== Segment start ==

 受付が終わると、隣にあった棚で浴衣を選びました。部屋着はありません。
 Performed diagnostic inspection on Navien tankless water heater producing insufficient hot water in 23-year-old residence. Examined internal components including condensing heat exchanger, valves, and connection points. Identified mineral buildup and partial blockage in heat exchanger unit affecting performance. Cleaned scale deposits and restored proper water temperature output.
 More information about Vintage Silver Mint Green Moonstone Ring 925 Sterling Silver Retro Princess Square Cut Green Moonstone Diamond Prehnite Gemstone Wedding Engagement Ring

== Segment end ==
== Segment start ==

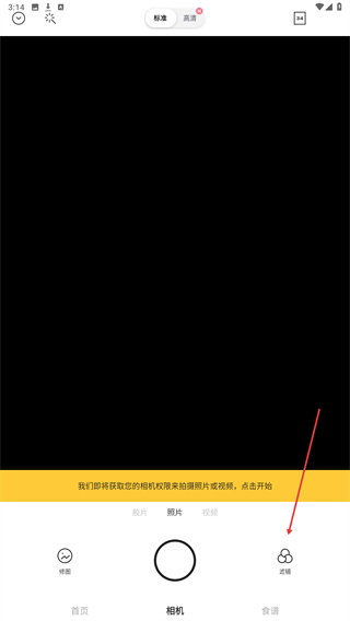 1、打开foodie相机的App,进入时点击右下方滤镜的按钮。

== Segment end ==
== Segment start ==

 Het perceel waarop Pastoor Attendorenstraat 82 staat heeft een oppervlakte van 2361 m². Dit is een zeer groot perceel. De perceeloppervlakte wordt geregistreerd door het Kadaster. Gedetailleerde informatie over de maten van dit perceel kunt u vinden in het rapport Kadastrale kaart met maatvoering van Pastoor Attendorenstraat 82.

== Segment end ==

# TASK BRIEF
For this exercise, please output exactly the lines above starting at the line with "Performed diagnostic inspection" and ending at the line with "More information about", ends included.

# SOLUTION FOR THIS TASK
 Performed diagnostic inspection on Navien tankless water heater producing insufficient hot water in 23-year-old residence. Examined internal components including condensing heat exchanger, valves, and connection points. Identified mineral buildup and partial blockage in heat exchanger unit affecting performance. Cleaned scale deposits and restored proper water temperature output.
 More information about Vintage Silver Mint Green Moonstone Ring 925 Sterling Silver Retro Princess Square Cut Green Moonstone Diamond Prehnite Gemstone Wedding Engagement Ring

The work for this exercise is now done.